Schönstes Wanderwetter zu Pfingsten in den Alpen - Meteorologe warnt jedoch vor diesen Gefahren
Was für eine 180 Grad-Wende beim Wetter: Am vergangenen Wochenende war in den Alpen noch die Mai-Kälte mit Schnee das große Thema und jetzt reden wir über Sonne, Sommerwetter und Hitze an Pfingsten. Gefahren lauern aber trotzdem in den Bergen.

Der Kontrast zum vergangenen langen "Christ Himmelfahrt"-Wochenende könnte nicht größer sein. Statt großer Mai-Kälte mit Nachtfrösten und Schnee bis unter 1000 Höhenmetern dreht jetzt der Sommer so richtig. Bei jeder Menge Sonnenschein sind Temperaturen bis über 30 Grad möglich.
Zur Erinnerung: Ordentliche (Neu-) Schneemengen und tief verschneite Alpengipfel gab es noch am letzten Wochenende, die Zugspitze (2962m) meldete am Samstag (16. Mai) noch 290 cm der weißen Pracht, aber auch in tieferen Lagen kehrte nochmal der Winter ein. Im Berchtesgadener Land wurden auf der Reiteralpe (1670m) 22 cm und auf dem Tegelberg (1710m) bei Füssen im Oberallgäu 17 cm (Neu-) Schnee gemessen.
Vom Winter in den Hochsommer
Frostig-kalt waren auch die Nächte, in höher gelegenen Tälern gab es Frost bis -5 Grad, auf den Bergen wurde es eisig mit Tiefstwerten von unter -10 Grad. Von solchen eisigen Temperaturen dürfen wir uns jetzt aber verabschieden, denn das Wetter vollzieht eine 180 Grad-Wende vom Winterwetter in den Hochsommer in nicht mal einer Woche.
Das kommende lange Wochenende macht damit Lust auf die Berge, denn es erwarten uns zu Pfingsten viel Sonnenschein, sommerliche Temperaturen und ein nur sehr geringes Gewitterrisiko.
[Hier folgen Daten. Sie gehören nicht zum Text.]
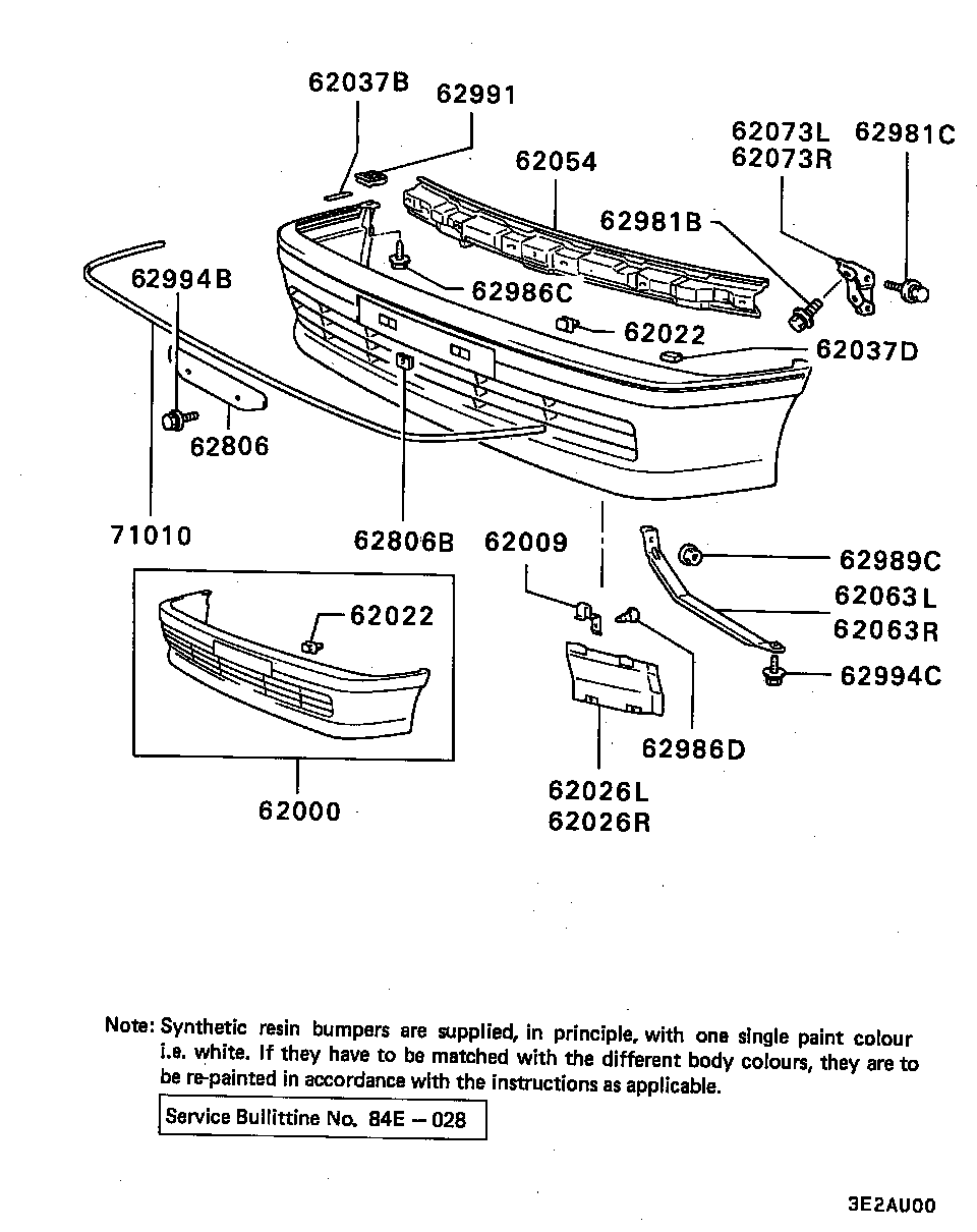 > Автомобіль: COLT/LANCER (1.05.1988-3.07.1995) > Модель: 1600SOHC/2WD(4DOOR) /C66A/ > Група: КУЗОВ /42/ > Підгрупа: ПЕРЕДНІЙ БАМПЕР ІЗ КРІПЛЕННЯМ /010/

Perfektes Wanderwetter also zum Start in die Sommersaison, dennoch sollten einige Gefahren nicht unterschätzt werden, die in den Bergen aktuell noch drohen.
Pfingsten lockt mit viel Sonne in die Berge. ️ Aber: Um 2000 Meter liegen noch Schneereste, ab etwa 2500 Metern teils viel Schnee. Mehr Hintergründe im Artikel.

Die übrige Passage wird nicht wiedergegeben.